[Saved data entries]
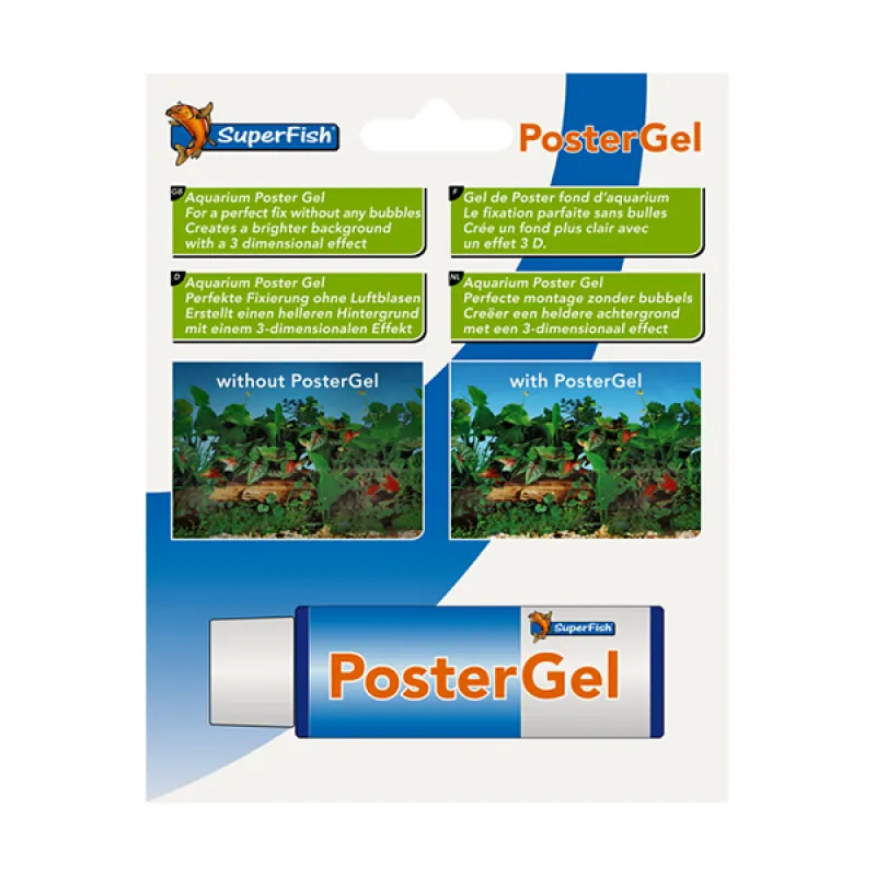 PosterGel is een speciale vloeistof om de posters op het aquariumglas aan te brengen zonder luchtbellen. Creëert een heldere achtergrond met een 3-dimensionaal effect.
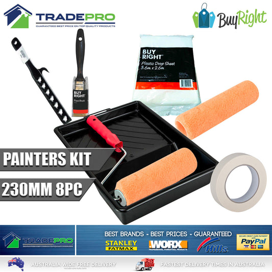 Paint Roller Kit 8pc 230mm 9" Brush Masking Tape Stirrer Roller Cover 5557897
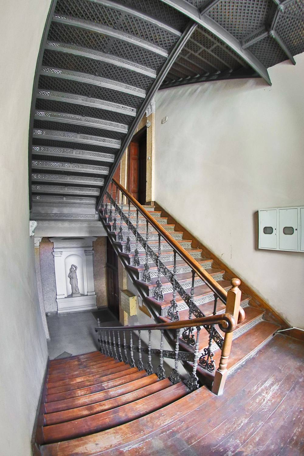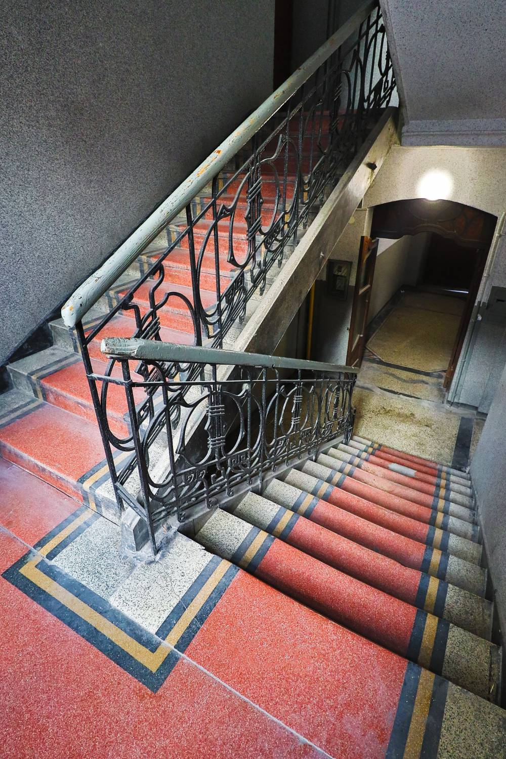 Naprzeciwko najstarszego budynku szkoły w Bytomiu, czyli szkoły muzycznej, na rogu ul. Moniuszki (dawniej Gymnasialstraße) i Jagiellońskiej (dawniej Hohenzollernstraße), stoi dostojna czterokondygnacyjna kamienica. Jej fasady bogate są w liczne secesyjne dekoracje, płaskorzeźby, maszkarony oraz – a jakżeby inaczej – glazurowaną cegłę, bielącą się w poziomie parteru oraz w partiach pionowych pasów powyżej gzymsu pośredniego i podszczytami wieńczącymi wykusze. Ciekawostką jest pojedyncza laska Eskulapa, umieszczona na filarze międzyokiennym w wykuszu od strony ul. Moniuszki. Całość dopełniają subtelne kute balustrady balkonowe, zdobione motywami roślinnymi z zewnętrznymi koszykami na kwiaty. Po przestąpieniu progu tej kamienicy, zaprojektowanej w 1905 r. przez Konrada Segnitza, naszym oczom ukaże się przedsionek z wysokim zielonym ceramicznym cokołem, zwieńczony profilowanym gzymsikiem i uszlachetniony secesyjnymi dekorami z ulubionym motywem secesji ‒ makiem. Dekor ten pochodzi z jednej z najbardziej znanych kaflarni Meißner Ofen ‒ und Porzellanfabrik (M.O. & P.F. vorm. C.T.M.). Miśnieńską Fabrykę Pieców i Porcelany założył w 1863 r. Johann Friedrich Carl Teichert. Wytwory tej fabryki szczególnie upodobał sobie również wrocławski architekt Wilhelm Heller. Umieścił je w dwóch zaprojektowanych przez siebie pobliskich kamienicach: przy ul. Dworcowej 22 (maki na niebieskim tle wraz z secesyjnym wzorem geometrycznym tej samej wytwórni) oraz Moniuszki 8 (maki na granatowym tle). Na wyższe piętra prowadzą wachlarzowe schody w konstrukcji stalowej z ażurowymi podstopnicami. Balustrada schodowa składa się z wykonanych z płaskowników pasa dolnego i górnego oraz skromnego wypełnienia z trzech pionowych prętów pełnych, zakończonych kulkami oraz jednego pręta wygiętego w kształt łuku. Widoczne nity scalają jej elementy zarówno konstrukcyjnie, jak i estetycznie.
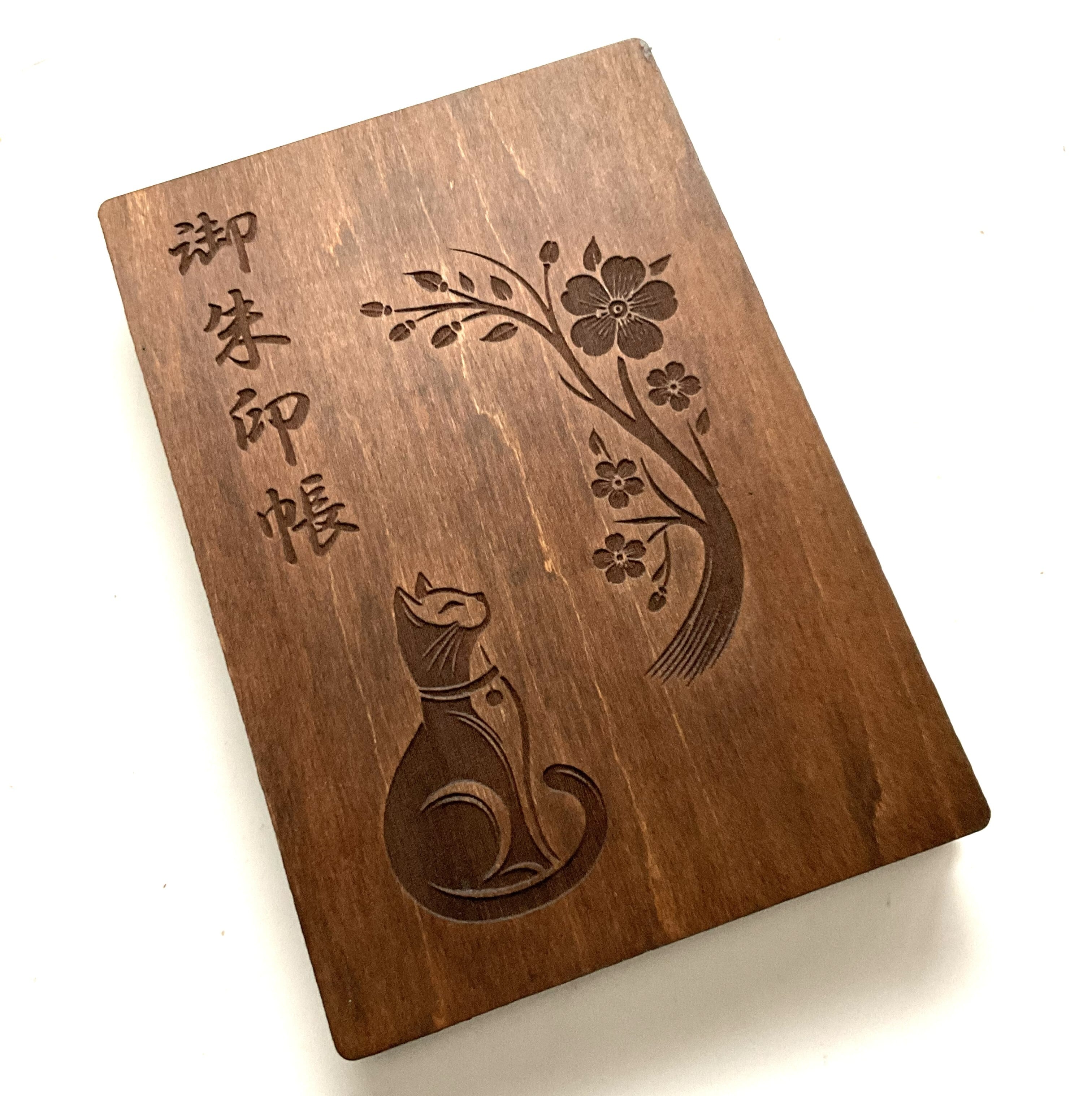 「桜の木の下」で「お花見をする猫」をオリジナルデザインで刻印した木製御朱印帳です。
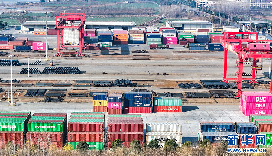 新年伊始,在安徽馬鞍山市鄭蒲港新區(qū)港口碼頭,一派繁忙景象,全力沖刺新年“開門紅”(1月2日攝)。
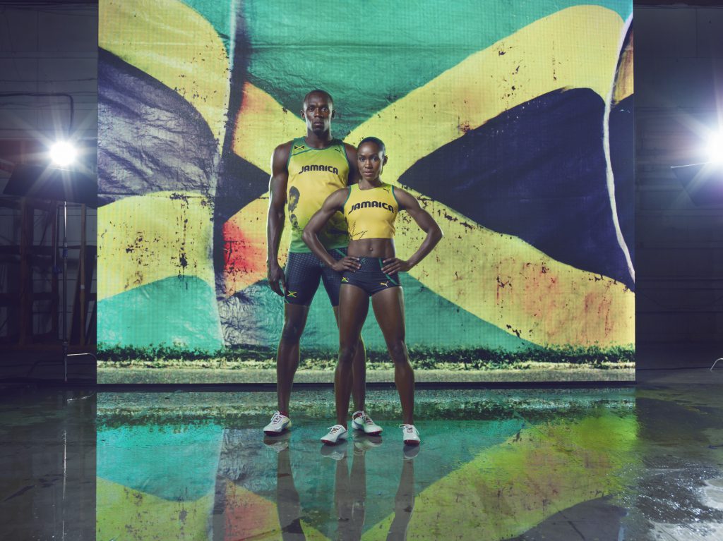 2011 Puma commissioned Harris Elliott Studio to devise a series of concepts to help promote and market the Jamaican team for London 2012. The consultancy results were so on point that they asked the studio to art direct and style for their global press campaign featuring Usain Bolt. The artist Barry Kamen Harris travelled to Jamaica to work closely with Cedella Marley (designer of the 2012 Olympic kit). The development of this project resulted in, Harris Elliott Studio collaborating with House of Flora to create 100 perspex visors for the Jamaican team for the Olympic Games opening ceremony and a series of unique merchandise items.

Task: Would you reproduce, exactly and with nothing added, every line from the beginning of the entries above through the line that contains "Paint Roller Kit", both included, leaving out the pictures?

Response:
 PosterGel is een speciale vloeistof om de posters op het aquariumglas aan te brengen zonder luchtbellen. Creëert een heldere achtergrond met een 3-dimensionaal effect.
 Paint Roller Kit 8pc 230mm 9" Brush Masking Tape Stirrer Roller Cover 5557897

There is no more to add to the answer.